Certains CSE ont l’habitude de demander à leur expert de travailler sur les pratiques d’optimisation fiscale de leur entreprise. De nombreux groupes internationaux transfèrent en effet la marge réalisée en France vers d’autres pays où l’imposition est plus faible et où des mécanismes obligatoires tels que la participation des salariés aux résultats n’existe pas. Les dividendes prélevés sur le bénéfice échappent ainsi également à la fiscalité française. Cette pratique est courante et relativement facile à organiser, notamment par le biais de facturations excessives de prestations parfois fictives réalisées par une filiale étrangère et vendues à une filiale française. Ce transfert de marge est encadré par des normes internationales de l’OCDE, dont le respect limite la fraude mais pas l’optimisation.
Au-delà de ces mécanismes malheureusement habituels, une affaire d’évasion fiscale massive a éclaté en Europe en 2018 et une nouvelle enquête montre que l’ampleur de la fraude est encore plus importante qu’imaginé à l’époque. En effet, l’équipe « CumEx Files », un consortium de seize médias internationaux, vient d’aboutir à une estimation de 140 milliards d’euros sur les vingt dernières années au niveau européen (contre 55 milliards estimés lors de l’enquête de 2018) et 33 milliards d’euros pour la France en particulier.

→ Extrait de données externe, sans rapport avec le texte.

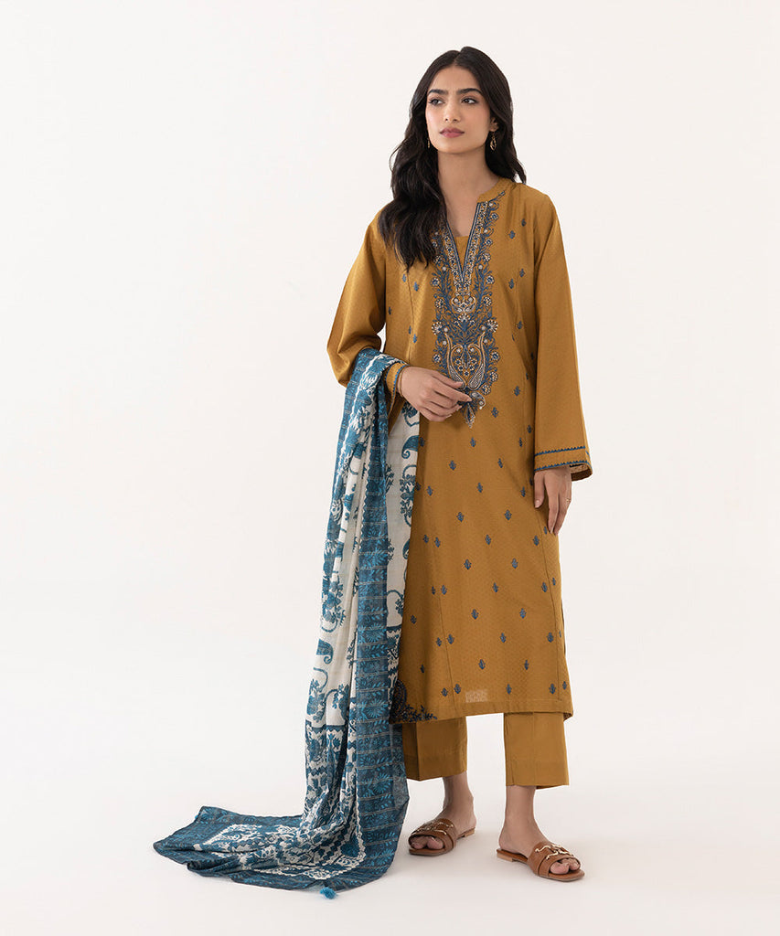 3-Piece Straight Kurta with Trousers & Dupatta Elevate your style with our mustard straight dobby silhouette pair...

La France est ainsi la principale victime de cette fraude dont le principe est le suivant : certains pays ont une convention fiscale avec des pays européens permettant à leurs résidents actionnaires de sociétés européennes de ne pas payer la taxe sur les dividendes qu’ils prélèvent sur leurs bénéfices. C’est le cas par exemple des Émirats arabes unis. Le système d’optimisation fiscale CumCum, à la frontière de la légalité, permet ainsi à un actionnaire de transférer ses actions à un prête-nom étranger juste avant le versement du dividende, pour éviter sa taxation, et de récupérer le dividende par la suite.

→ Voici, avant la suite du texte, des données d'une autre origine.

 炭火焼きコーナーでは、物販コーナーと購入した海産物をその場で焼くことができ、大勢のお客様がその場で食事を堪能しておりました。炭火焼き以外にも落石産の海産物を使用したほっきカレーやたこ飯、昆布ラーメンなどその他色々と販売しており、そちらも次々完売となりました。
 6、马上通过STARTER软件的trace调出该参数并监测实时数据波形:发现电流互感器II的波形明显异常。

La pratique frauduleuse nommée CumEx va plus loin et permet à certains actionnaires de profiter de ces possibilités d’optimisation fiscale pour se faire rembourser la taxe sur les dividendes sans l’avoir pourtant payée. Le système est le suivant : juste avant le versement du dividende, plusieurs personnes basées dans des pays ayant ce genre de convention fiscale s’entendent pour procéder à de nombreux transferts de propriété d’un même titre, en particulier par le biais de la « vente à découvert » qui permet de vendre un titre avant même de le détenir. Ainsi, l’administration fiscale n’arrive pas à savoir qui est le réel détenteur des actions et qui a donc touché les dividendes. Les investisseurs demandent tous à se faire rembourser la taxe sur les dividendes, qu’ils n’ont en fait jamais payée.

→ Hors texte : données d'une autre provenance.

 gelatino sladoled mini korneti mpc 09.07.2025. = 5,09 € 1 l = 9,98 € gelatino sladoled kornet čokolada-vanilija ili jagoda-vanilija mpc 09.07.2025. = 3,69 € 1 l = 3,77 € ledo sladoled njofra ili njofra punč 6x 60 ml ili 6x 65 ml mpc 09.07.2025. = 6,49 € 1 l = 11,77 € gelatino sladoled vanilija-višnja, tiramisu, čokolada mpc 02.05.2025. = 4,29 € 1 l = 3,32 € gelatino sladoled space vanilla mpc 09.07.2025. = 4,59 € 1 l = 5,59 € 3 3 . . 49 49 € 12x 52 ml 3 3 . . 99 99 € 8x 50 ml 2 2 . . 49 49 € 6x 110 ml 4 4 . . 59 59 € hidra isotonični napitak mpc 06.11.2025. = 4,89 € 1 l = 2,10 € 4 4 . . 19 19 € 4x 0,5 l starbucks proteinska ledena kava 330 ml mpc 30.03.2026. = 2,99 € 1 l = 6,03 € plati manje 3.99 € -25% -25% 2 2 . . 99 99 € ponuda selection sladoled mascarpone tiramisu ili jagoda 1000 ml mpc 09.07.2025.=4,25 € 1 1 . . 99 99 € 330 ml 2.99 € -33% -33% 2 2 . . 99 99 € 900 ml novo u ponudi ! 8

Quatre grandes banques françaises sont dans le collimateur du fisc français, car elles auraient participé à l’organisation de cette fraude fiscale : BNP Paribas, la Société générale, Natixis et le Crédit agricole. Mais l’enjeu est avant tout politique : considérant que les conventions fiscales favorisant le versement de dividendes rendent la France plus attractive pour les investisseurs étrangers, le pouvoir en place n’a pour le moment rien mis en œuvre pour limiter cette fraude.